Firstly, Mimecast does unpack and repack every message. This does
sometimes break DKIM signatures especially if they are body based. For
most of our customers we have to do this as we are making changes to
the message that require it. The reason varies but things like URL
rewriting, attachment stripping or conversion require it.
The unpack and repack is not unconditional. We have options that allow
for it to be disabled (with the side effect that certain features are
not available) and we also apply it automatically in some cases but
existence or breaking of a DKIM signature is not one of those cases.

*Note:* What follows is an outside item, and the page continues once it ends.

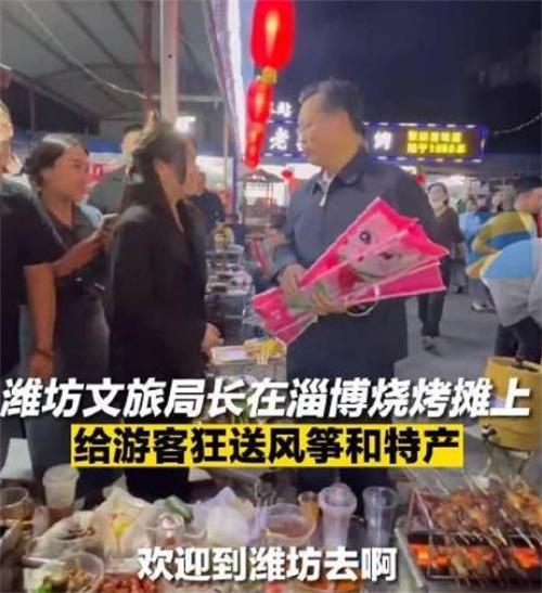 山东淄博这个合不起眼的城市彻底因为烧烤让淄博火爆出圈,全国各地的民众都到淄博这个城市打卡,也带动了山东淄博的旅游经济复苏。在五一小长假来临之前潍坊文旅局局长终于出手了,在山东淄博烧烤摊上送上了潍坊菜,喊话游客到潍坊旅游。只见潍坊市文旅局局长在烧烤摊儿上给游客送潍坊的特产以及风筝,还给游客去讲解潍坊有哪些好吃好玩的地方让游客在结束淄博旅行之后,转换到潍坊享受美食。

For the vast majority of our customers this is entirely fine. Mimecast
is their gateway so all DMARC checks and signature additions are
performed at the Mimecast gateway and the fact that we break
signatures is not an issue. If customers are seeing signatures
breaking on outbound messages then they need to configure Mimecast to
sign outbound for them.
I hope that makes sense.
I am interested in the use case for the internal message DMARC checks.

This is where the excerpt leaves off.